A patient scheduled for mitral valve repair was not offered a concomitant Maze procedure — until our review.
This is a composite narrative based on common clinical scenarios. Patient details have been anonymized and combined for educational purposes. Individual results vary based on specific clinical circumstances.
A 63-year-old attorney from New York was scheduled for mitral valve repair for severe degenerative regurgitation. She also had paroxysmal atrial fibrillation that had failed two catheter ablation attempts. Her surgeon planned to repair the valve but did not include a surgical Maze procedure or left atrial appendage closure.
Our Heart Team review identified a missed opportunity. The 2020 ACC/AHA guidelines provide a Class IIa recommendation for surgical ablation of atrial fibrillation performed concomitantly with other cardiac surgery. Given her failed catheter ablations and the fact that the chest would already be open, adding a Cox-Maze IV procedure and LAA ligation would address her AFib with minimal additional risk while potentially eliminating her need for long-term anticoagulation.
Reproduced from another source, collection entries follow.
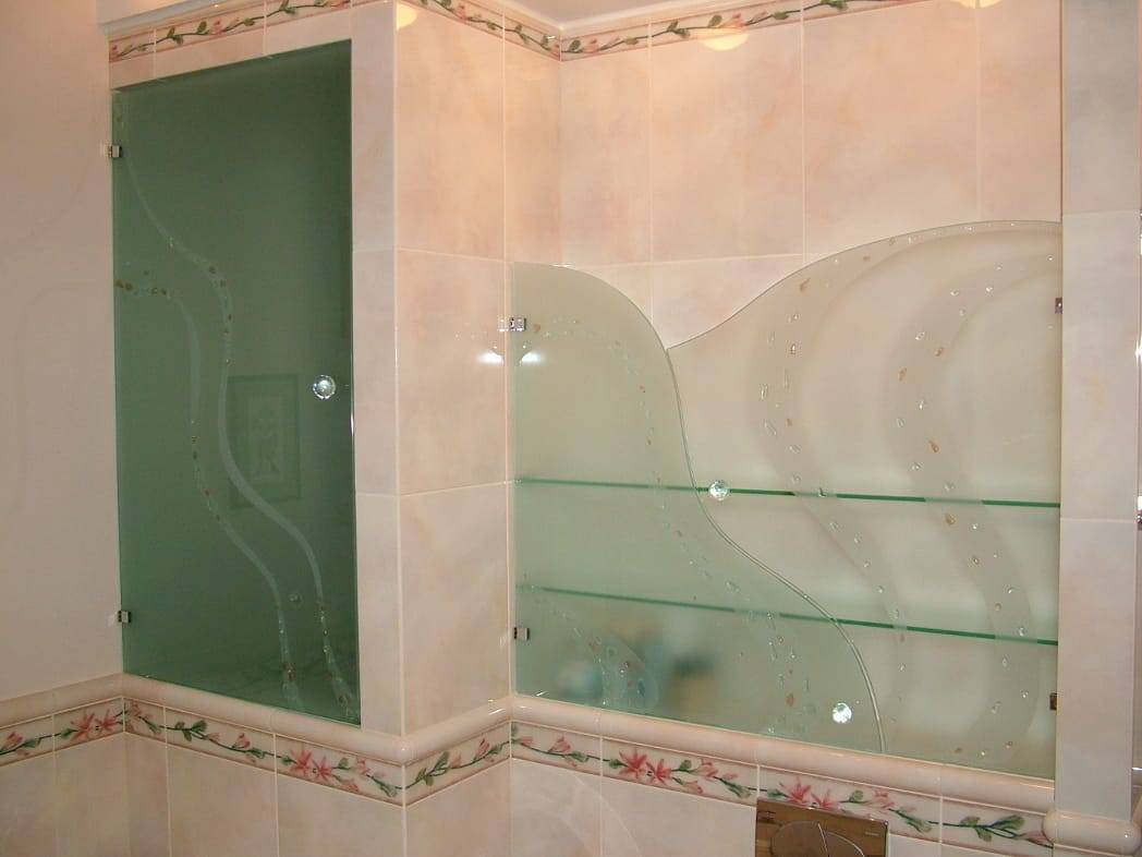 Стекло в маленькой ванной комнате – это риск получить травму. В просторной комнате шкаф со стеклянными дверцами чаще устанавливается.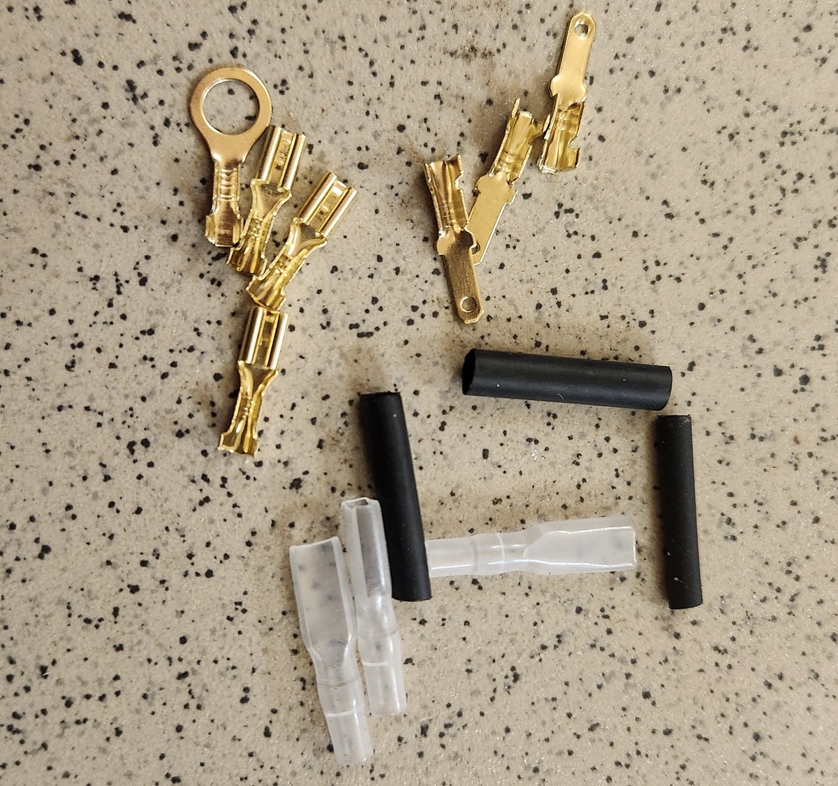 Я не претендую на лавры механика или автоэлектрика, т.к. по хорошему фару нужно запитывать от генератора, что возможно потребует включение в цепь дополнительных реле, и прочего... Но не об этом сейчас Хочу рассказать самым простым и доступным способом: как подключить фару на питбайк, у которого, та самая фара, включая проводку под нее, отсутствуют с завода. Наша фара будет иметь 2 режима (включение и выключение) c кнопки, и работать только с включенным зажиганием. Для этого нам потребуется 2 провода по 20см с сечением 0,8-1мм, 1 клемма на массу, 3 набора клемм папа-мама, термоусадка, изолента. Так же была куплена светодиодная фара в комплекте с крепежом (см фото) и кнопка, имеющая 2 положения (вкл и выкл). Ссылки на них давать не буду, все покупалось в маркетплейсе Абсолютно все провода в нашем комплекте на установку имеют свободные концы, поэтому установим на них клеммы, на случай если в дальнейшем потребуется снятие фары, например для обслуживания узлов вилки: Вот что у нас получает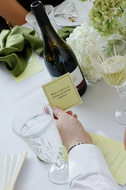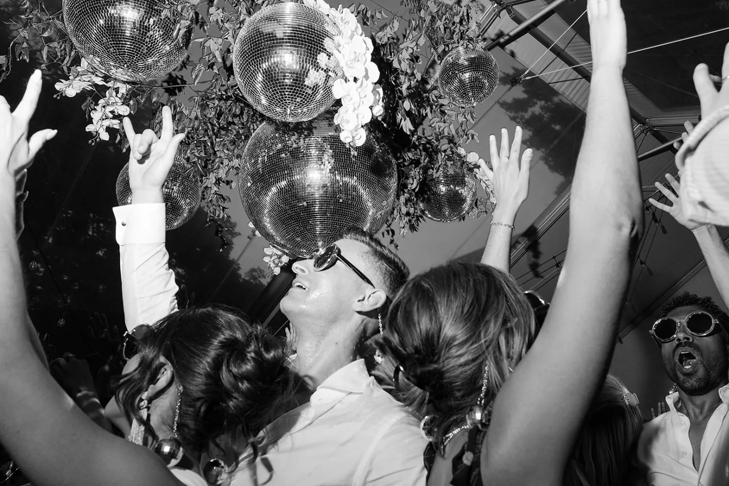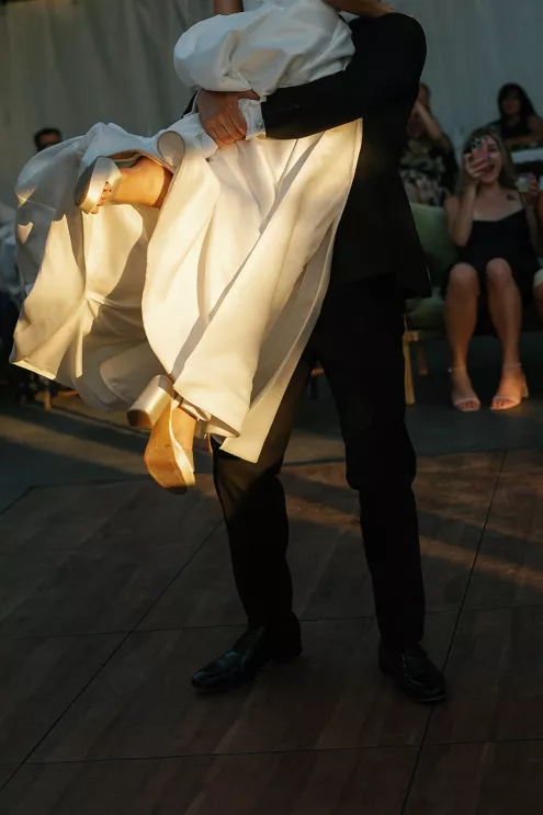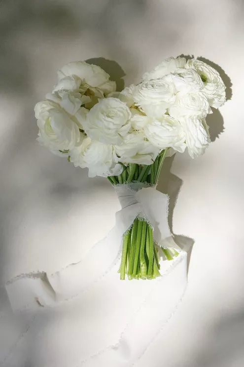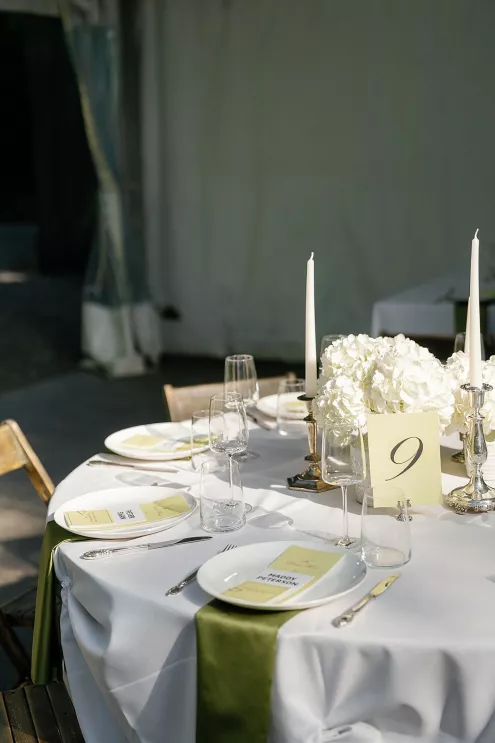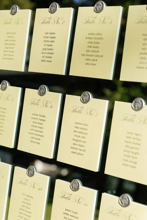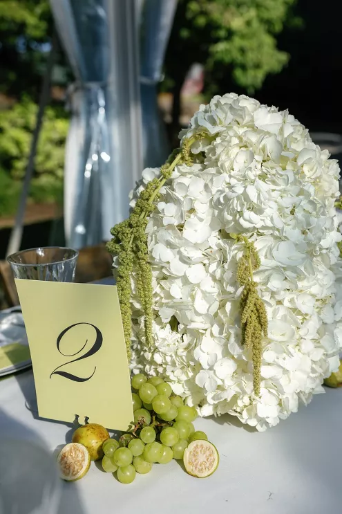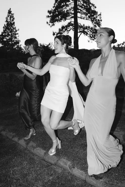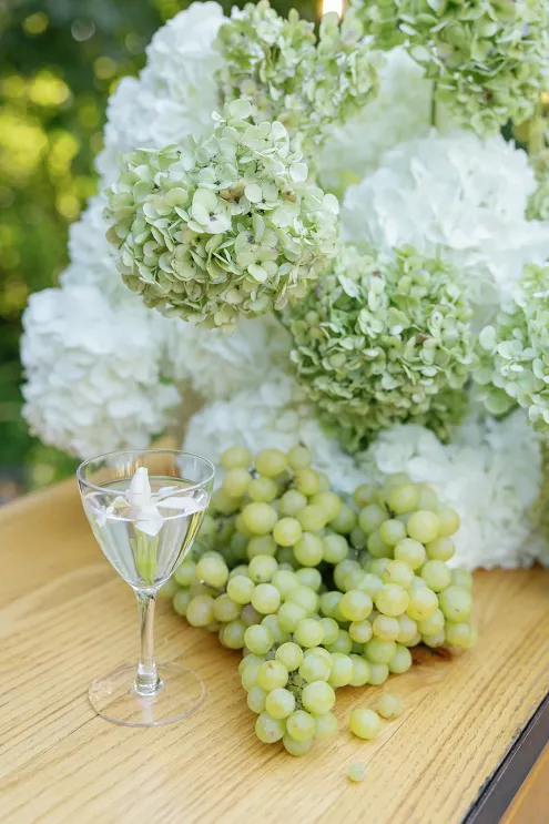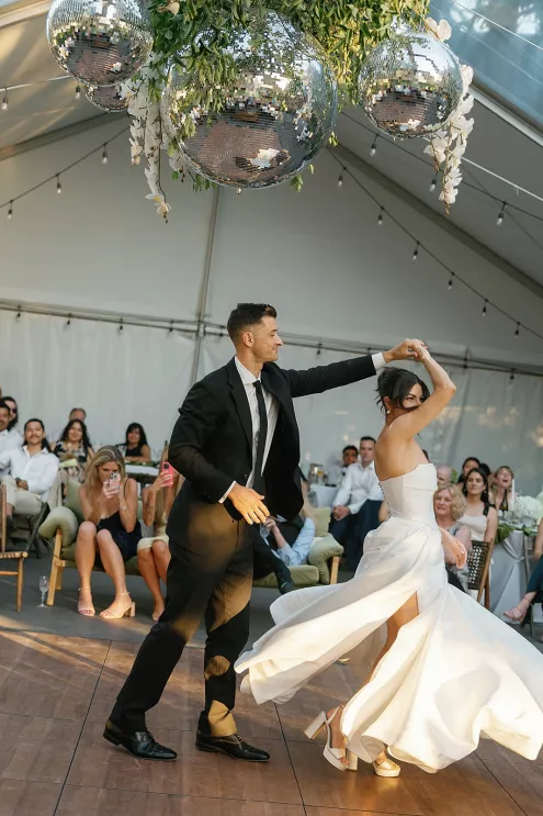 On a sunny late-summer day, Kylee and Tyler infused their favorite pastime—bringing their loved ones together—with a grand and elegant flourish. The scenic views of The Griffin House were even more striking as warm rays of light created a dreamy backdrop for the happy couple’s outdoor ceremony. Kylee stunned the crowd (all with parasols in hand) as she floated down the aisle in her simple, strapless gown, carrying a bouquet of white roses. Framed by modern podiums topped with lush, monochromatic floral arrangements of hanging anthurium and hydrangeas, the pair exchanged vows, becoming husband and wife in a picture-perfect setting. At the reception, tablescapes featured vibrant shades of green against crisp white linens, with luscious figs, juicy grapes and bright citrus lending an unexpected flair. Guests were prompted with conversation cards to encourage connections, while tapered candles flickered and reflected against the large disco ball installation suspended overhead—a spirited hint of the party to come. Kylee then slipped into a party-ready and ultra-trendy mini dress with a matching scarf before stepping out onto the dance floor. And don’t forget the swag: Guests donned oversized sunglasses and disco ball necklaces to celebrate Kylee and Tyler in style.

She discussed our findings with her surgeon, who agreed to add the Maze procedure. She underwent successful mitral repair with concomitant Cox-Maze IV and LAA ligation. At 6-month follow-up, she was in normal sinus rhythm, off anticoagulation, and symptom-free.
When cardiac surgery is already planned, concomitant treatment of atrial fibrillation should always be considered. The guidelines support this approach, yet it is frequently overlooked.